A year and a half had elapsed since the close of the Franco-German War. Never had the waves of German self esteem run so high. The exultation of victory had passed into a tumultuous self-glorification. The universal view was that German culture had vanquished French. Then this voice made itself heard, saying—

Admitting that this was really a conflict between two civilisations, there would still be no reason for crowning the victorious one; we should first have to know what the vanquished one was worth; if its value was very slight—and this is what is said of French culture—then there was no great honour in the victory. But in the next place there can be no question at all in this case of a victory of German culture; partly because French culture still persists, and partly because the Germans, now as heretofore, are dependent on it. It was military discipline, natural bravery, endurance, superiority on the part of the leaders and obedience on the part of the led, in short, factors that have nothing to do with culture, which gave Germany the victory. But finally and above all, German culture was not victorious for the good reason that Germany as yet has nothing that can be called culture.

It was then only a year since Nietzsche himself had formed the greatest expectations of Germany's future, had looked forward to her speedy liberation from the leading-strings of Latin civilisation, and heard the most favourable omens in German music.[2] The intellectual decline, which seemed to him—rightly, no doubt—to date indisputably from the foundation of the Empire, now made him oppose a ruthless defiance to the prevailing popular sentiment.

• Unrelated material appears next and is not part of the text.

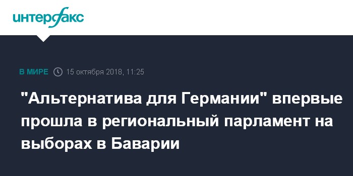 Москва. 15 октября. INTERFAX.RU - Правая партия "Альтернатива для Германии" (АдГ) набирает 10,2% голосов на выборах в Баварии и впервые проходит в региональный парламент. Христианско-социальный союз (ХСС) теряет места, набрав 37,2% голосов. Об этом свидетельствуют предварительные итоги голосования, опубликованные баварским избиркомом.

He maintains that culture shows itself above all else in a unity of artistic style running through every expression of a nation's life. On the other hand, the fact of having learnt much and knowing much is, as he points out, neither a necessary means to culture nor a sign of culture; it accords remarkably well with barbarism, that is to say, with want of style or a motley hotchpotch of styles. And his contention is simply this, that with a culture consisting of hotchpotch it is impossible to subdue any enemy, above all an enemy like the French, who have long possessed a genuine and productive culture, whether we attribute a greater or a lesser value to it.